Performance Analysis of Coordinated Interference Mitigation Approach for Automotive Radar
Yi Wang, Qixun Zhang, Zhiqing Wei, Yuewei Lin, Zhiyong Feng
Abstract
Millimeter automotive radar has great potential in advanced driver assistance systems (ADASs) to enable safety features, such as adaptive cruise control and collision avoidance. However, with widely deployment of millimeter radars on vehicles, the risk of radar mutual interference becomes a major factor limiting the high performance of radar detection. In this article, we analyze the mutual interference among multiple frequency modulated continuous wave (FMCW) radars. On the one hand, we study the interference in detail by considering co-channel interference (CCI) and adjacent channel interference (ACI) simultaneously.
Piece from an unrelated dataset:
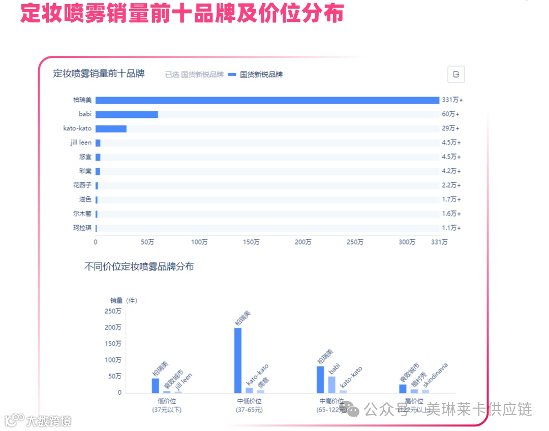 在这一市场中,国产新锐品牌表现突出,主导了定妆喷雾市场。柏瑞美以331万以上的销量和65~122元的中高定价策略,成为了该品类的销量榜一。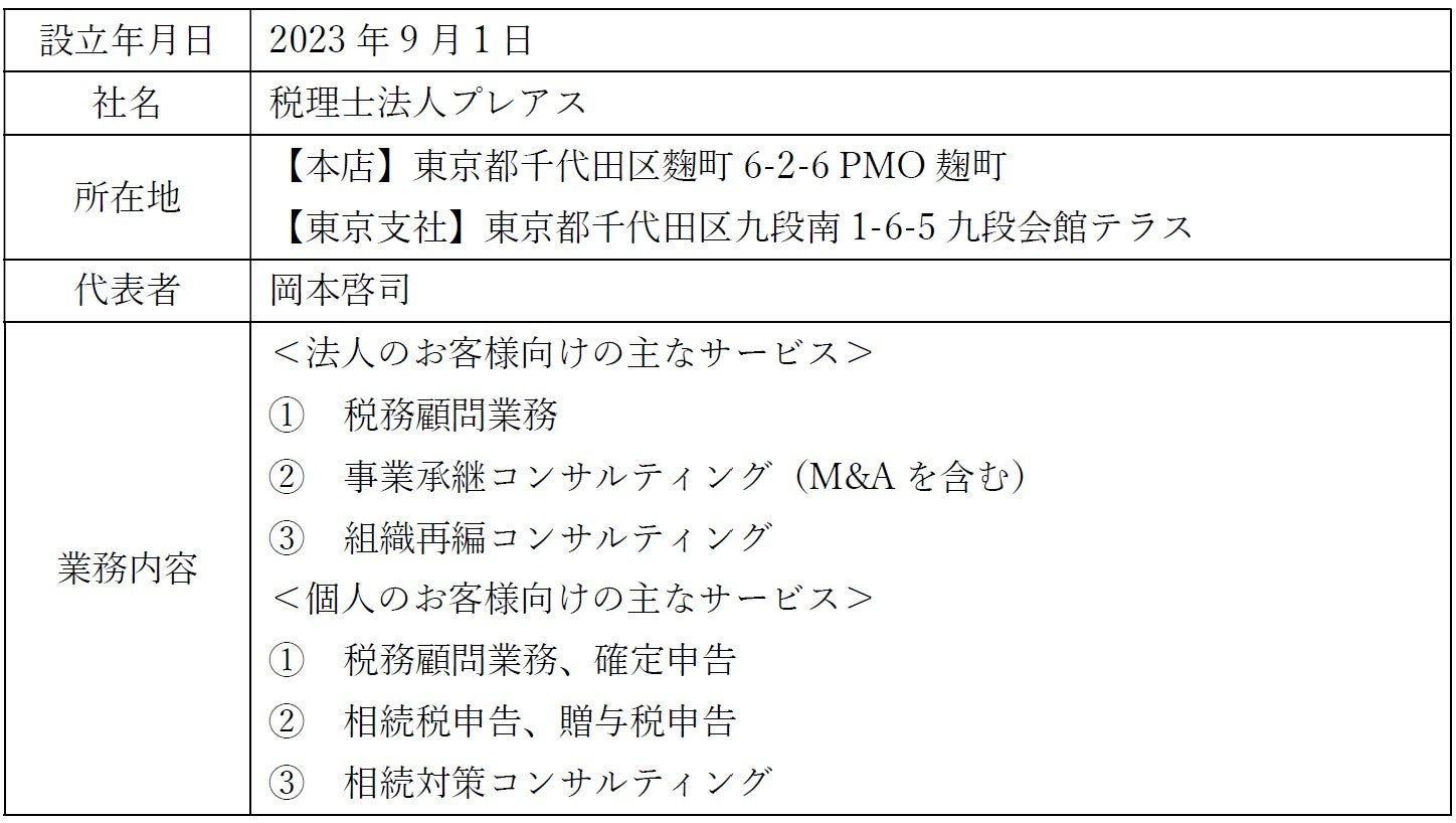 2023年1月:岡本啓司税理士事務所 開設 (※)税理士法人プレアスの前身

Besides, the CCI is analyzed by employing stochastic geometry model while the ACI is assessed by the deterministic analysis method. On the other hand, we propose a time-frequency division multiple access (TFDMA) scheme to mitigate the interference in a coordinated manner and evaluate it in terms of mitigation delay, the probability of interference, effective detectable density, maximum number of interference-free radar, and control signaling overhead. Finally, we study the power allocation strategy to enable the effectiveness of the coordinated interference mitigation approach based on the interference analysis. Simulation results verify the proposed framework for interference analysis by employing Monte Carlo method, and the performance improvement of the coordinated interference mitigation approach is 3.5 dB.